Крылов вскочил с дивана, на котором, по обыкновению, лежал, читая французский роман, и, широко раскрыв глаза, не верил, как видно, слуху.
— Что вы сказали? — спросил он наконец тихо, каким-то сдавленным голосом.
— Москва отдана французам без боя. Наполеон в Кремле.
— Да не может быть такого! Откуда эти вести?
— Я только что вернулся с Каменного острова. Вы знаете, государь со всем двором живет там в летнем дворце и получил еще третьего сентября письмо от графа Растопчина. Дошло оно к нему через Ярославль. Из этого письма ясно видно, что Москва сдана неприятелю.
— Может быть, граф поторопился известить прежде, чем дело было решено.
— Вчера явился к государю полковник Мишо, присланный от Кутузова, с донесением, что войска наши отошли без боя на дорогу в Каширу.
Крылов закрыл лицо руками, и только по судорожно двигавшимся плечам и груди видно было, что он плакал.
Более хладнокровный Батюшков продолжал:
— Кутузов объясняет свое решение оставить Москву без боя тем, что не мог дать решительного сражения под Москвой по неудобству местности и расстройству войск после кровопролитной битвы под Бородиным.
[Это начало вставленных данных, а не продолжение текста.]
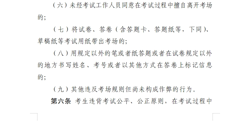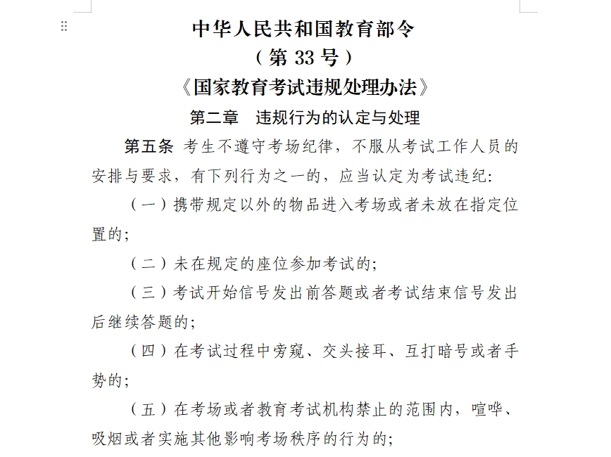 《国家教育考试违规处理办法》第二章 违规行为的认定与处理
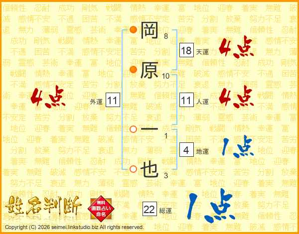 岡原一也さんの人運は11画の4点!

— А я еще думал, что он чисто русский по сердцу! — с сокрушением воскликнул Крылов.
— Он уверяет, — продолжал с досадой Батюшков, — что вступление неприятеля в Москву не есть еще покорение России.
— Отдать на поругание все для нас святое! — не мог успокоиться Крылов. — Осрамить стены Кремля присутствием неприятеля! Нет, это просто непонятно! А мы еще упрекали Барклая-де-Толли и радовались назначению чисто русского — Кутузова… А он вон на что решился!.. Что же войско-то? Что государь?
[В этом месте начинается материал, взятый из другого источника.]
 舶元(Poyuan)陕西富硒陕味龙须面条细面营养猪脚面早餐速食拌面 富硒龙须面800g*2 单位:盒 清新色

— Войско негодует и одного только боится, чтобы не заключили мира при таких для нас горьких обстоятельствах. Солдаты угрюмо смотрят на пожар Москвы.
— Как? Москва горит?
— Да. Сильно горит Белокаменная. Но Кутузов утешает государя тем, что из нее вывезены все сокровища, арсенал и все почти имущество — как казенное, так и обывателей, и не осталось там ни одного дворянина…
— Еще бы наши пошли встречать Наполеона с хлебом-солью! — проворчал сквозь зубы Крылов. — Как принял государь страшную весть о сдаче Москвы?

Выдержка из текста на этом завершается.